John Ghigliazza was exasperated and a little desperate. “I am writing this email,” he informed his contractor, American Pacific Builders, last November, “knowing full well you won’t respond to us.”
It wasn’t always like that. In the beginning, the Santa Rosa-based company known as APB had lavished attention on Ghigliazza and his wife, Angela. After the Tubbs fire swept over their 9-acre property off Mark West Springs Road in October 2017, destroying the main house and a smaller one, the couple were looking for a general contractor to help them put their lives back together.
One builder was especially persistent. Michael Stutes, a former Major League Baseball pitcher whose LinkedIn profile identifies him as a “business consultant” for APB, cold-called them “constantly,” recalled Angela, until the Ghigliazzas decided to work with him and the company’s owner, Steven Bates.

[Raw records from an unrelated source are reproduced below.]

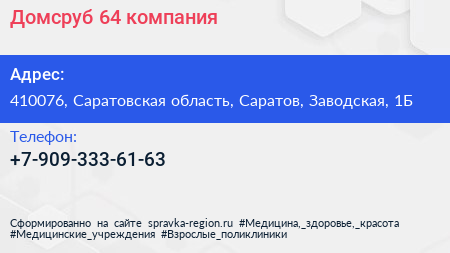 Домсруб-64, компания по адресу 410076, Саратовская область, Саратов, Заводская, 1Б в дальнейшем Организация, размещена в следующих категориях: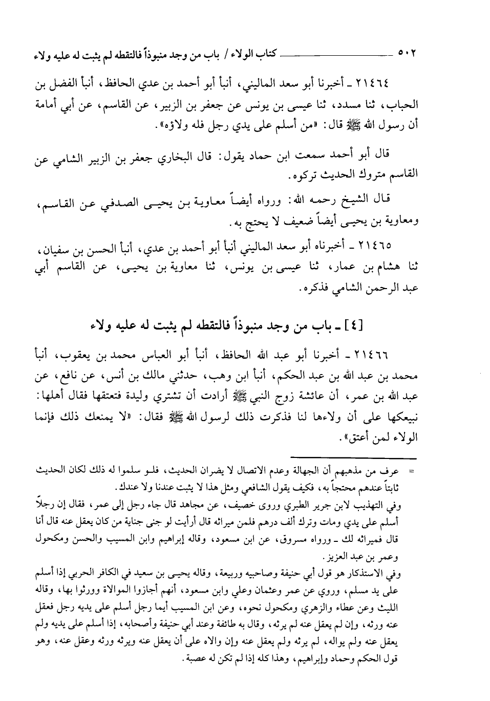 21464 - أَخْبَرَنَا أَبُو سَعْدٍ الْمَالِينِيُّ , أنبأ أَبُو أَحْمَدَ بْنُ عَدِيٍّ الْحَافِظُ , أنبأ الْفَضْلُ بْنُ الْحُبَابِ , ثنا مُسَدَّدٌ , ثنا عِيسَى بْنُ يُونُسَ , عَنْ جَعْفَرِ بْنِ الزُّبَيْرِ , عَنِ الْقَاسِمِ , عَنْ أَبِي أُمَامَةَ، أَنَّ رَسُولَ اللهِ صَلَّى اللهُ عَلَيْهِ وَسَلَّمَ قَالَ: §" مَنْ أَسْلَمَ عَلَى يَدَيِ رَجُلٍ فَلَهُ وَلَاؤُهُ ". قَالَ أَبُو أَحْمَدَ: " سَمِعْتُ ابْنَ حَمَّادٍ يَقُولُ: قَالَ الْبُخَارِيُّ: جَعْفَرُ بْنُ الزُّبَيْرِ الشَّامِيُّ، عَنِ الْقَاسِمِ مَتْرُوكُ الْحَدِيثِ , تَرَكُوهُ ". قَالَ الشَّيْخُ رَحِمَهُ اللهُ: وَرَوَاهُ أَيْضًا مُعَاوِيَةُ بْنُ يَحْيَى الصَّدَفِيُّ، عَنِ الْقَاسِمِ , وَمُعَاوِيَةُ بْنُ يَحْيَى أَيْضًا ضَعِيفٌ , لَا يُحْتَجُّ بِهِ.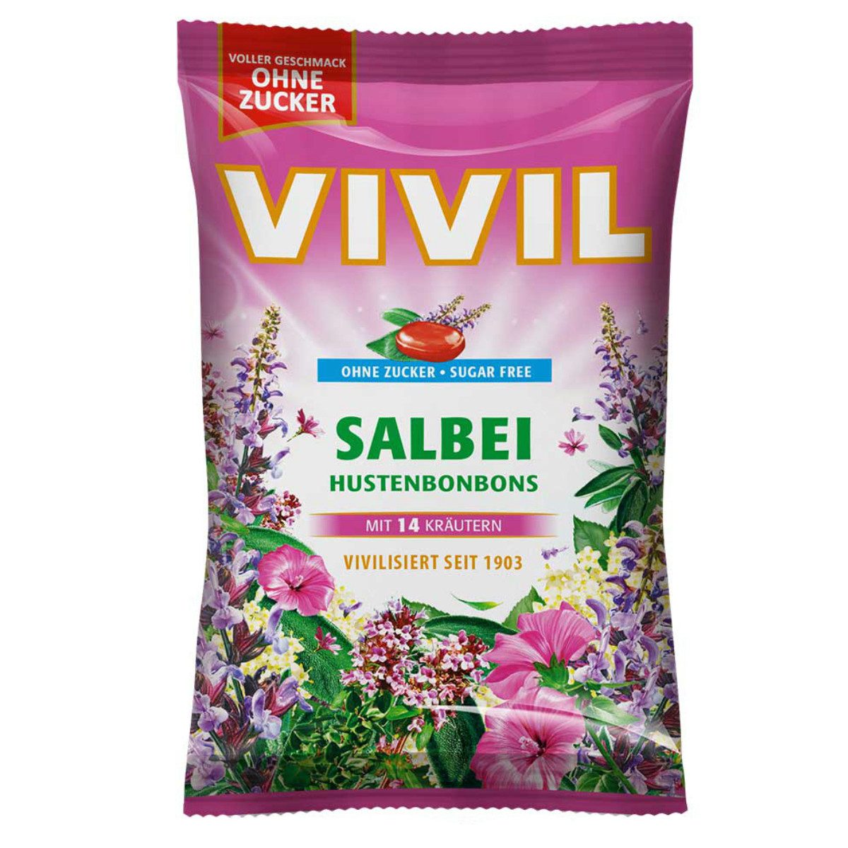 | Bezeichnung des Lebensmittels | Vivil Salbei Hustenbonbons ohne Zucker mild mit 14 Kräutern 120g |

Angela Ghigliazza teaches math at Comstock Middle School, while John has worked for PG&E, mostly in “gas operations,” for nearly three decades. After bringing two sons into the world, the couple decided to “try for a girl,” said John, with a smile. Instead, Angela give birth to twin boys. The four Ghigliazza boys, ranging in age from 23 to 20, now live with their parents in a pair of cramped cabins in Rio Nido, owned by Angela’s parents. Everyone is desperate to get back home. But, three years and nine months after the Tubbs fire, there is no homecoming in sight for them.
The Ghigliazzas were among more than a dozen families and homeowners, all disgruntled APB clients, who met in Coffey Park on June 22 to compare notes, discuss strategies and share stories about the contractor — like the one about the customer who became so frustrated by her inability to get a phone call returned that she dropped by the company’s offices, where APB called police to have her removed.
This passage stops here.